Posted on 27th November 2012 in #bookreview

The Reader

by Bernhard Schlink

The synopsis: For 15-year-old Michael Berg, a chance meeting with an older woman leads to far more than he ever imagined. The woman in question is Hanna, and before long they embark on a passionate, clandestine love affair which leaves Michael both euphoric and confused. For Hanna is not all she seems. Years later, as a law student observing a trial in Germany, Michael is shocked to realize that the person in the dock is Hanna. The woman he had loved is a criminal. Much about her behaviour during the trial does not make sense. But then suddenly, and terribly, it does – Hanna is not only obliged to answer for a horrible crime, she is also desperately concealing an even deeper secret.

I read this for a book group and I have to say first off that the fact this book begins with a child being groomed by and adult and they referring to it as an erotic love affair made it incredibly hard for me to read the rest of the book.

He was fifteen she was in her thirties. All obvious and disappointing jokes to one side, if this were a fifteen year old girl and a man in his mid thirties would it be ok?

How about if it were a fourteen year old boy and woman in her early thirties or a thirteen year old boy and woman in her late twenties.

Or a fifteen year old boy and a man in his mid thirties – not so funny or erotic now huh.


I did read the rest of the book as was required and with the exception of the above noted scenes it was a good, though provoking book.

It left a lot of things unanswered and, for me, it had some pretty huge plot holes which I’m told are conveyed better in the film.

I don’t feel as though I can offer any more of a review than that; for me the book was tainted by its opening scenes.

The Casual Vacancy by J K Rowling #bookreview

Posted on 16th November 2012 in #bookreview/ book review/ books


The Casual Vacancy

by J K Rowling

Have to confess I actually had no idea what this book was about before I started reading it. The only press I’d seen regarding it was negative comments owing to it not being a children’s book. Which I personally thought was a bit odd – what gives anyone the right to dictate to an author which genre they ‘must’ write in?

So, I was actually under the impression that this was to be a shag-fest, swear-fest of a book, possibly about temporary office workers, (insert suitable reference not judging a book by its cover here 😉 ) and was therefore a little surprised to find myself reading a book about a vacancy at a Parish Council.

Not at all what I expected but a charming little (massive) book which leads you an a journey through the lives of the villagers of Pagford. This is a gentle read with lots of characters and intricately woven story threads which all pull together as you read on.

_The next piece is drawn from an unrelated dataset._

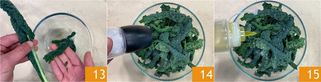 Die Kürbiscreme warm halten und sich dem Schwarzkohl zuwenden: die Blätter von den Stielen trennen 13 und in eine Schüssel geben, dann mit Salz 14 und Öl 15 würzen.

Overall it lacks the punch of the Harry Potter novels but as a standalone book it is a good, if bitter-sweet, read.



Lasting Damage #BookReview

Posted on 11th October 2012 in #bookreview


by Sophie Hannah

The official blurb: Sophie’s sixth psychological crime novel to feature Simon Waterhouse and Charlie Zailer.

It’s 1.15 a.m. Connie Bowskill should be asleep. Instead, she’s logging on to a property website in search of a particular house: 11 Bentley Grove, Cambridge. She knows it’s for sale; she saw the estate agent’s board in the front garden less than six hours ago.

Soon Connie is clicking on the ‘Virtual Tour’ button, keen to see the inside of 11 Bentley Grove and put her mind at rest once and for all. She finds herself looking at a scene from a nightmare: in the living room there’s a woman lying face down in a huge pool of blood. In shock, Connie wakes her husband Kit. But when Kit sits down at the computer to take a look, he sees no dead body, only a pristine beige carpet in a perfectly ordinary room…


I didn’t give the last Sophie Hannah book that I read a great review, so I am all the happier to say that this one was actually really good!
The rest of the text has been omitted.